The London Necropolis Company (LNC), formally the London Necropolis & National Mausoleum Company until 1927, was a cemetery operator established by Act of Parliament in 1852 in reaction to the crisis caused by the closure of London's graveyards in 1851. The LNC intended to establish a single cemetery large enough to accommodate all of London's future burials in perpetuity. The company's founders recognised that the recently invented technology of the railway provided the ability to conduct burials far from populated areas, mitigating concerns over public health risks from living near burial sites. Accordingly, the company bought a large tract of land in Brookwood, Surrey, around 25 miles (40 km) from London, and converted a portion of it into Brookwood Cemetery. A dedicated railway line, the London Necropolis Railway, linked the new cemetery to the city.

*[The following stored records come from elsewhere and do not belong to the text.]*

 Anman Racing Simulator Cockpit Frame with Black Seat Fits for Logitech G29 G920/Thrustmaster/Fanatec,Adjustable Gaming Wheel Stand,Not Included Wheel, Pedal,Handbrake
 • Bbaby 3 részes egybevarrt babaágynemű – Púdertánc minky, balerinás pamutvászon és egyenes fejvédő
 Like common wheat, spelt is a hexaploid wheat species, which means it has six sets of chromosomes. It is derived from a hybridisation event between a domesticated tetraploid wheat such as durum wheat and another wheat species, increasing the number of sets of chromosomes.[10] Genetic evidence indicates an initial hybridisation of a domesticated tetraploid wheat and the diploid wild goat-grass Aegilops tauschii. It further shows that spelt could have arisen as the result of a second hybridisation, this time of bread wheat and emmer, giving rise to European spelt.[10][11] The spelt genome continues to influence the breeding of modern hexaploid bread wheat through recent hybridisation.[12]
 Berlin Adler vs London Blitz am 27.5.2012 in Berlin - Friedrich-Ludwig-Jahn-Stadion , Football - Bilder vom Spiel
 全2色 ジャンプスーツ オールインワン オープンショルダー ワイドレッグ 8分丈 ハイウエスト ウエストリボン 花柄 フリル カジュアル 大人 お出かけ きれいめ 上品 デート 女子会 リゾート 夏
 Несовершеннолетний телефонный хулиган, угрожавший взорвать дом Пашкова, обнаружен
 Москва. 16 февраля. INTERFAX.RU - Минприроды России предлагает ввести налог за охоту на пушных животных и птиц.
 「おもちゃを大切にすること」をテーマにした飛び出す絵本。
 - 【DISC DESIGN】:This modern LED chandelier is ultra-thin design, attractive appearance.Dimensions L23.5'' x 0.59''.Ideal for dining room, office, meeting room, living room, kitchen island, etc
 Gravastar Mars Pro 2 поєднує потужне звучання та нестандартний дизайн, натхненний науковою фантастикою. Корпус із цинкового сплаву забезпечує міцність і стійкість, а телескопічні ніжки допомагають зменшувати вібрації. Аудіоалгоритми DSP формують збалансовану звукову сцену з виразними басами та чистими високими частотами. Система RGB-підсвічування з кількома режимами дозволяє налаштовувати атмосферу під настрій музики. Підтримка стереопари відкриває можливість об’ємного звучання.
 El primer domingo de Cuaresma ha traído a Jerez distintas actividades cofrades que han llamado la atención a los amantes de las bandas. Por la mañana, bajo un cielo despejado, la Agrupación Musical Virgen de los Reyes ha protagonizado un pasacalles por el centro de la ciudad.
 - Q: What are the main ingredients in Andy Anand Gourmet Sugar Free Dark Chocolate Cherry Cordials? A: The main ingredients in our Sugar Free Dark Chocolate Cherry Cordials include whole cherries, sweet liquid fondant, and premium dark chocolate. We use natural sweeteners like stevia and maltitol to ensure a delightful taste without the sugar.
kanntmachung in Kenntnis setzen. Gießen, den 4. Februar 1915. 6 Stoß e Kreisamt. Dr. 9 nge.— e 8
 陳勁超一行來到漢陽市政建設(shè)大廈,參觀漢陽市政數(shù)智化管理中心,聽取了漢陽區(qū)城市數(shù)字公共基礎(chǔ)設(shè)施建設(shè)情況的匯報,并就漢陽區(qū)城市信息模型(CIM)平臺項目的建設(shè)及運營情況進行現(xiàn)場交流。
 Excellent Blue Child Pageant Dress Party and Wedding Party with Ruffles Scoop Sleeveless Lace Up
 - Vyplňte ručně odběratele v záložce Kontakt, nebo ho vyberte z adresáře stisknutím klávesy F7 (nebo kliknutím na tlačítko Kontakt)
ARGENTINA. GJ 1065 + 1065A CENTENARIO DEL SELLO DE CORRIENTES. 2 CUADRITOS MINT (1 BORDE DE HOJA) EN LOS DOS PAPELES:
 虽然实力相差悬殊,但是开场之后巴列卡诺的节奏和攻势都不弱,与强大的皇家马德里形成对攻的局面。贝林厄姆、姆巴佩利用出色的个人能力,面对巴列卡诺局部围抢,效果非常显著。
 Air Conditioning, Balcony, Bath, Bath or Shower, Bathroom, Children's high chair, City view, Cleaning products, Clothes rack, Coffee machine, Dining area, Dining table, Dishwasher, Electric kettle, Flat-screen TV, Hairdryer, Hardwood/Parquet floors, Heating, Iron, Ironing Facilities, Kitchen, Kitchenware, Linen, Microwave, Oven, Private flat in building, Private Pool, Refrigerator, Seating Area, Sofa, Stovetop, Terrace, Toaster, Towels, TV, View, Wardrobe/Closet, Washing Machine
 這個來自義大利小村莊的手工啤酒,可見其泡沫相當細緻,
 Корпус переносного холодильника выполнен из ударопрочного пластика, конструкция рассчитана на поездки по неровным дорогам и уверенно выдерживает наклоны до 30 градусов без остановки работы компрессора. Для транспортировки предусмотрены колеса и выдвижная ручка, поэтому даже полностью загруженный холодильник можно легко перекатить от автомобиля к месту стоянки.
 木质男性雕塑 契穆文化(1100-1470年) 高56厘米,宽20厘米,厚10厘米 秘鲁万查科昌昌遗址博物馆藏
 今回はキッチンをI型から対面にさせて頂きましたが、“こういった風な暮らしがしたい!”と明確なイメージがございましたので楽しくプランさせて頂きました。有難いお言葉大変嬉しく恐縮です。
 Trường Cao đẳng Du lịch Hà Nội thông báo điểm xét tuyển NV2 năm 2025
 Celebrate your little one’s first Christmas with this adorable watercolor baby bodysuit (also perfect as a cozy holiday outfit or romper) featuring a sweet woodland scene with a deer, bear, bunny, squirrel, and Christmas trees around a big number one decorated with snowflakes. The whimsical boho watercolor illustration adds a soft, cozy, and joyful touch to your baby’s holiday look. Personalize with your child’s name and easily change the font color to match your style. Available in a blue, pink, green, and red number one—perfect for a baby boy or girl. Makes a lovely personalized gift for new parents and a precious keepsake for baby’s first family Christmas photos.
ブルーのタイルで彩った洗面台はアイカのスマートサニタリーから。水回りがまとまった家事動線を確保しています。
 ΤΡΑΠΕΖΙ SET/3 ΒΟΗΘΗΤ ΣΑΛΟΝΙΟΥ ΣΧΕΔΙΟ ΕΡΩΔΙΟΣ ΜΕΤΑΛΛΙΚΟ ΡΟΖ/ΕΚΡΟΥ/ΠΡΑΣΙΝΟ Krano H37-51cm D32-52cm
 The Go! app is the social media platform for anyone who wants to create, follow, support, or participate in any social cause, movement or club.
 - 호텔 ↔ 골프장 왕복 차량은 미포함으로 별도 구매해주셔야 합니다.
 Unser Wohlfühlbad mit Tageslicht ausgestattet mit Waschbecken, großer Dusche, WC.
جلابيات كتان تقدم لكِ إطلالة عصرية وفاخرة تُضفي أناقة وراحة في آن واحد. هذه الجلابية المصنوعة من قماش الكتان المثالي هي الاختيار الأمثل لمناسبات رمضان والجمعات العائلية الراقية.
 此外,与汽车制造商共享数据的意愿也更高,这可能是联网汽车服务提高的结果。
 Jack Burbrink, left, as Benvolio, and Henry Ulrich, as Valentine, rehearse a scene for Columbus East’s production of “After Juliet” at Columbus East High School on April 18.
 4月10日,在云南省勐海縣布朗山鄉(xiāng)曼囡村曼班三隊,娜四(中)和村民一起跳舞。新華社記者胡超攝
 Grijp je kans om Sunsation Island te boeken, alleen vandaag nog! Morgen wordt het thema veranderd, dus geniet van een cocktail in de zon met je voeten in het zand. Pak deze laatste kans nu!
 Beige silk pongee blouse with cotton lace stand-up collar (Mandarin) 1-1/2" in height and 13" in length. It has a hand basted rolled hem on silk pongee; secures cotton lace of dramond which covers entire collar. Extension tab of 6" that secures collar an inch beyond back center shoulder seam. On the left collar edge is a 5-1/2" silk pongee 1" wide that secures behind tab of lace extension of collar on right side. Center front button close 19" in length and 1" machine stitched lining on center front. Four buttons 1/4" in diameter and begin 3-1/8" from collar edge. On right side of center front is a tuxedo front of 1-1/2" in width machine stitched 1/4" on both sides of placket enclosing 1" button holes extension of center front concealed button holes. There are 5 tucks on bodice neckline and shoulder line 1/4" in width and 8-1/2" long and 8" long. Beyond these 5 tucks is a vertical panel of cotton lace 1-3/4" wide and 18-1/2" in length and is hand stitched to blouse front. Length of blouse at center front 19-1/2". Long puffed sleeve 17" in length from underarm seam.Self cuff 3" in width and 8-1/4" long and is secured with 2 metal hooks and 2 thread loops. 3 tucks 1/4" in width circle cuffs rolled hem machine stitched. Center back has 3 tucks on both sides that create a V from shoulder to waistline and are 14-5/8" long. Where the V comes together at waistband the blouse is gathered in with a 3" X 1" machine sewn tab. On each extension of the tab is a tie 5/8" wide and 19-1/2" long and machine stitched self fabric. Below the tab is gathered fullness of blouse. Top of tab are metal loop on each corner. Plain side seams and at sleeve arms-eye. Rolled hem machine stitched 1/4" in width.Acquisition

Financial mismanagement and internal disputes led to delays in the project. By the time Brookwood Cemetery opened in late 1854, a number of other cemeteries had opened nearer to London or were in the process of opening. While some parishes in London did arrange for the LNC to handle the burials of their dead, many preferred to use nearer cemeteries. The LNC had anticipated handling between 10,000 and 50,000 burials per year, but the number never rose above 4,100 per year, and in its first 150 years of operations only 231,730 burials had been conducted. Buying the land for Brookwood Cemetery and building the cemetery and railway had been very expensive, and by the time the cemetery opened the LNC was already on the verge of bankruptcy. The LNC remained solvent by selling surplus parts of its land, but as the land had been chosen for its remoteness, sales were low.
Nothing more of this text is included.